Electronicdesign Com Sites Electronicdesign com Files Uploads 2015 01 833641 Fig4sm

Figure 4. The MegaRAID Storage Manager can manage multiple controllers on multiple machines.

Finally we get down to the nuts and bolts. MSM works with arrays of disks that it presents as virtual disks to the operating system. This allows the underlying disk layout to change. This is especially handy for RAID arrays with hot spares. The controller can transparently handle swapping out a bad disk for a hot spare allowing the bad disk to be replaced.

The controller supports RAID 0 (striping), 1 (mirror), 10 (mirror stripe), 5, 6, and 60. A collection of spare drives can be associated with a virtual RAID drive. The spares can come from a common pool or a pool dedicated to an array. This flexibility is useful for environments where there are variable requirements in terms of reliability and availability.

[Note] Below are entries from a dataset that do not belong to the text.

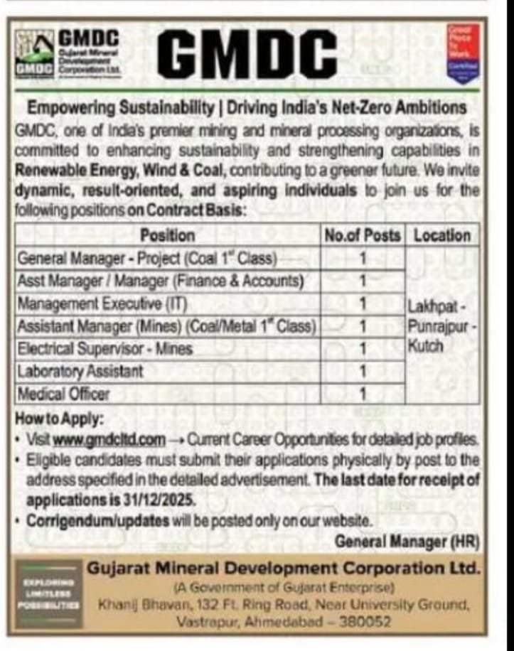 GMDC Recruitment 2025: ગુજરાત મિનરલ ડેવલપમેન્ટ કોર્પોરેશન લિ. દ્વારા વિવિધ પદો પર સ્ત્રીઓ તથા પુરુષો માટે ભરતી જાહેર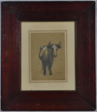 43 - EDGAR J TAYLOR 'BULL' PENCIL DRAWING ON PAPER Pencil drawing on paper depicting a bull attributed to Edgar J Taylor (American, b. 1862). Measures 7" x 5" + 4 1/2" mat & frame.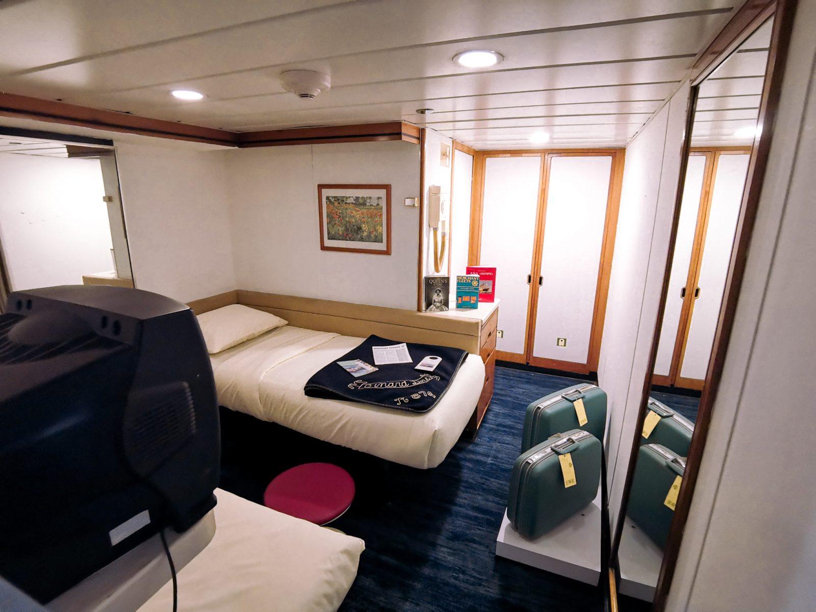 Diese noch im Originalzustand befindliche Innenkabine würde heutzutage niemanden mehr vom Hocker reißen. Nun stell Dir vor, dass Du hierfür für Dich und Deinen Partner mindestens 8000 Pfund bezahlen musstest, um die letzten Tage der Queen Elizabeth 2 zu erleben.

Creating a virtual drive with MSM is simply a matter of selecting the type of RAID configuration and populating with drives. Hot spares can be added or removed at any time. Normally the physical drives within a virtual drive will be of the same type, capacity or performance. This minimizes underutilization and consistent performance. For example, a 500 Gbyte RAID 1 mirrored virtual drive could be created from a 500 Gbyte drive and a 1 Tbyte drive. Of course it could also be made into a 1.5 Tbyte RAID 0 virtual drive as well.

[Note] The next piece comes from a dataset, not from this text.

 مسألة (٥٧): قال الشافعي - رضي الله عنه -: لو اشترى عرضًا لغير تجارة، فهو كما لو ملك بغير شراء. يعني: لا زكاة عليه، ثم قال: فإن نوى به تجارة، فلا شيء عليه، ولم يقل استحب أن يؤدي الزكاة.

CacheCade uses a pair of virtual drives. One usually consists of the HDD virtual disk and another with an SDD virtual disk. The virtual disks can contain one or more physical disks. The two virtual disks are combined into one with CacheCade. The first is what an operating system sees while the other remains hidden as does the caching functionality. The controller handles accesses and directs them to the fastest array adjusting the data on the cache drives based on access patterns.

The challenge for users will be determining the balance of storage. Not all applications will benefit from massive amounts of flash storage while other will. Testing the system with real data will be required to determine the optimum mix. Tools like Microsoft’s XPERF and Linux’s block trace can provide one with feedback on system performance.

In general, the minimum amount of SSD cache should be enough to handle the “hot zone” of data. This is data most frequently used. Data that is not often used would be in the “cold zone.” In between would be the warm and cool zones. Benchmarks can be used to generate distinct partitions but this kind of information really needs to be done with real data.

The single Micron M500DC is an MLC drive with 220 Gbytes of storage. This turned out to be plenty for the smaller applications I was running to test the system including a web server and a relatively small database application. The M500DC drive was the cache for a 3.3 Tbyte RAID 5. Adding a second drive in a RAID 0 configuration did not significantly improve performance because the test data I was using was easily handled by the single drive. Of course, increasing the data set size would have shown a benefit with more SSD storage.

Many applications can justify more storage and even SLC drives. SLC will be needed for applications where the cached data changes often. Enterprise MLC drives like the Micron M500DC will be suitable for a wide range of applications with the benefit of higher capacity for a lower cost. On the plus side, MSM can track use of the drives so it is possible determine when a drive will wear out allowing replacement before this occurs. This feature is called SSD Guard. Of course, having a hot spare handy allows the system to handle the details.

Actually a hot spare may be used to the best effect on the hard disk side because the system can continue running without the cache whereas the hard drive RAID array will also degrade if a drive is missing. This tradeoff is of more concern with a smaller array like the 8-drive Mobile Rack. Balancing the hot spare slots tend to be less of an issue if the controller is tied to dozens of drives.

In the end, I was only able to stress the system using some artificial benchmarks and platforms like Hadoop. Switching between configurations is simple with MSM. Swapping out drives can cause some lengthy rebuilds but that is more of a disk limitation and one network managers always have to deal with. The important thing is to maintain the data and provide access as quickly as possible.